Give the data again exactly as it appears, excluding any pictures.

## Provided data
= = = =

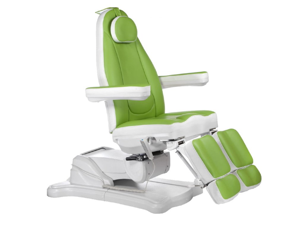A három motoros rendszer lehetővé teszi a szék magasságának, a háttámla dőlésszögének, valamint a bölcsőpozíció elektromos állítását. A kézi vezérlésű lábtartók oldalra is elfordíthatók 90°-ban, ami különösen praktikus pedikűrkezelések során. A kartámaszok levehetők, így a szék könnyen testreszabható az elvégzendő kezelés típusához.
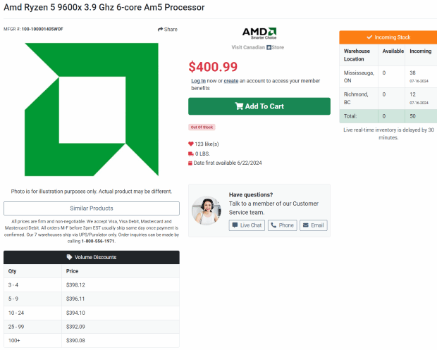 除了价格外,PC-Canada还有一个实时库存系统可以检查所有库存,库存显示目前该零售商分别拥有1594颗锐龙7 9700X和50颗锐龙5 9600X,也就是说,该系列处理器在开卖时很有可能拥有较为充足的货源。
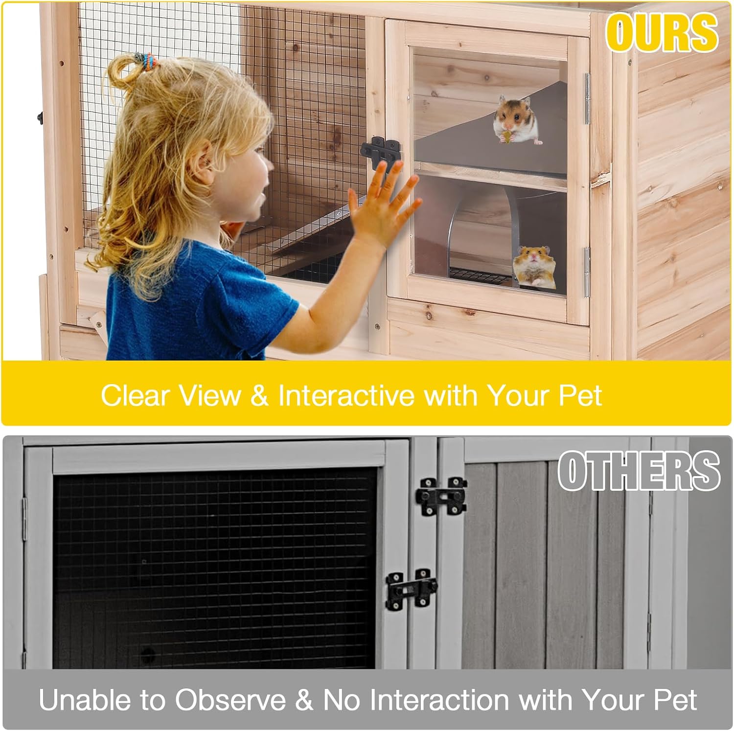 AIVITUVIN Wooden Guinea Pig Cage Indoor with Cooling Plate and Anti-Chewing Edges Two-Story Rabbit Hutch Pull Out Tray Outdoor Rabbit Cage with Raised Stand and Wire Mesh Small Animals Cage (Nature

= = = =

## Written reply
A három motoros rendszer lehetővé teszi a szék magasságának, a háttámla dőlésszögének, valamint a bölcsőpozíció elektromos állítását. A kézi vezérlésű lábtartók oldalra is elfordíthatók 90°-ban, ami különösen praktikus pedikűrkezelések során. A kartámaszok levehetők, így a szék könnyen testreszabható az elvégzendő kezelés típusához.
 除了价格外,PC-Canada还有一个实时库存系统可以检查所有库存,库存显示目前该零售商分别拥有1594颗锐龙7 9700X和50颗锐龙5 9600X,也就是说,该系列处理器在开卖时很有可能拥有较为充足的货源。
 AIVITUVIN Wooden Guinea Pig Cage Indoor with Cooling Plate and Anti-Chewing Edges Two-Story Rabbit Hutch Pull Out Tray Outdoor Rabbit Cage with Raised Stand and Wire Mesh Small Animals Cage (Nature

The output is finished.